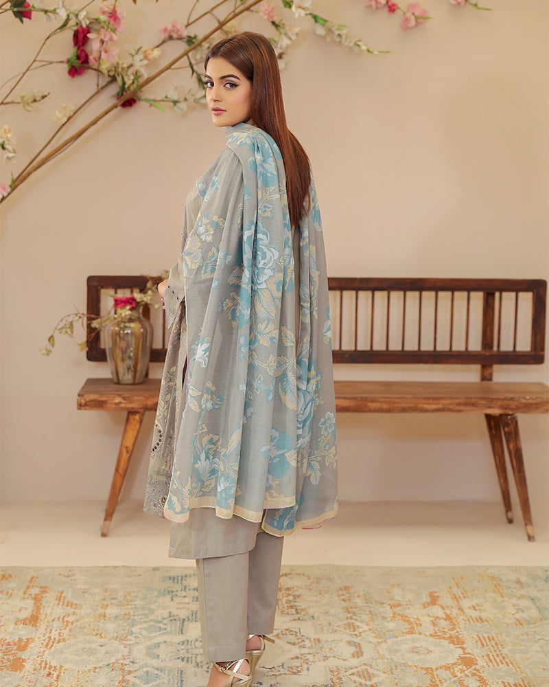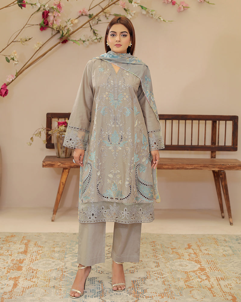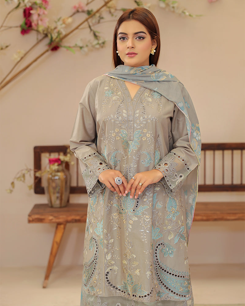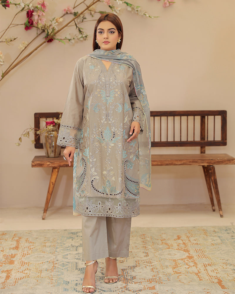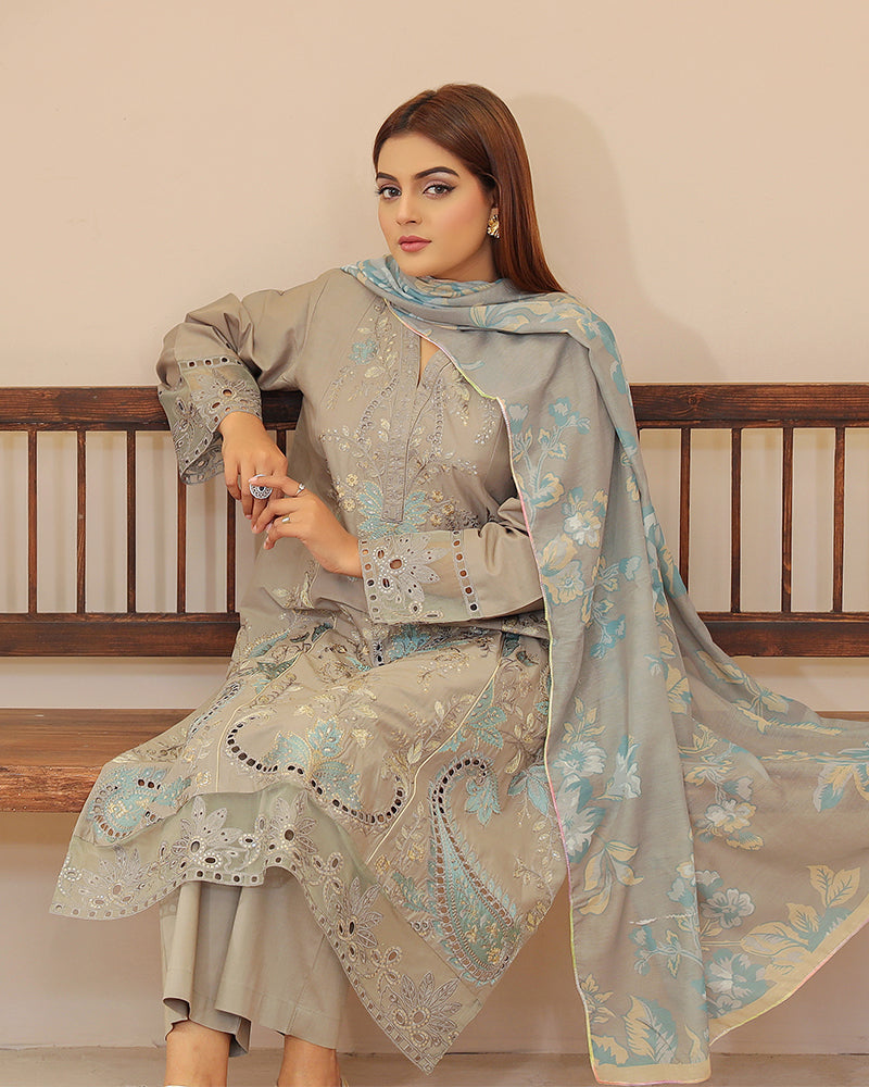 Shirt: Embroirdered Luxury Cotton fabric shirt featuring intricate sequins embroidery. Trousers: Cotton trousers. Dupatta: Monar Lawn printed Dupatta. |
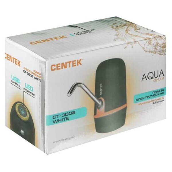 Электрическая помпа Centek 2.2л/мин 8Вт, 2 насоса, Li 1200 мАч, USB зарядка, LED CT-3002 White это специальная насадка для бутылей с питьевой водой.
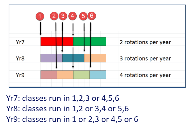 If Yr 7 have 2 rotations for Humanities, Yr 8 have 3 rotations for Language, and Yr 9 have 4 rotations for Art/Tech define 12 rotations. Assign the rotation to each class as follows:

■ Activity ■
Starting at the first line of the listing above, write out each line exactly and nothing else until you reach the line containing "Электрическая помпа Centek", which is included as well; omit all pictures.

■ Finished exercise ■
 Shirt: Embroirdered Luxury Cotton fabric shirt featuring intricate sequins embroidery. Trousers: Cotton trousers. Dupatta: Monar Lawn printed Dupatta. |
 Электрическая помпа Centek 2.2л/мин 8Вт, 2 насоса, Li 1200 мАч, USB зарядка, LED CT-3002 White это специальная насадка для бутылей с питьевой водой.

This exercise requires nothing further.